“I shouldn’t swear,” Council Chair Phil Mendelson said exasperatedly during a DCPS hearing Friday, “but what kind of B.S. is this? I mean, really?”
Only the politician known by the moniker “the nitpicker” could get so heated about the decidedly dull issue of contracting, which was the subject of the special public roundtable convened by the chairperson last week. Look below the mind-numbingly technical surface of these issues, however, and you can see some good reasons the normally reserved Mendelson spent much of the hearing in high dudgeon.
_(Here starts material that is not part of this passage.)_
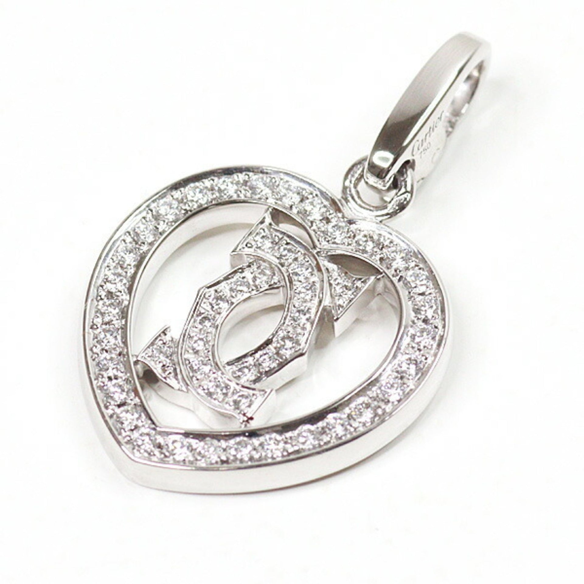 Cartier 2C Heart Diamond Pendant Top 750WG 18KWG Charm Finished

Mendelson’s aggravation stemmed from his recent discovery that D.C. Public Schools officials have been skirting the Council’s review process for large contracts for at least the past few years. D.C. agencies are supposed to submit any deal valued at $1 million or more to the Council for approval before executing it (a process that is generally a formality for all but the most politically sensitive subjects), and it seems DCPS has failed to do so in something like 13 separate instances since January 2021, according to information the school system provided to Mendelson. That amounts to roughly $113 million in spending where lawmakers never exercised any oversight at all, or DCPS already started awarding work to companies before sending contracts to the Council.
“As someone who used to engage in the procurement process at DCPS, I know that sometimes things can happen,” said At-Large Councilmember Christina Henderson. “But for the volume of contracts that are being submitted retroactively, I think something else is going on here.”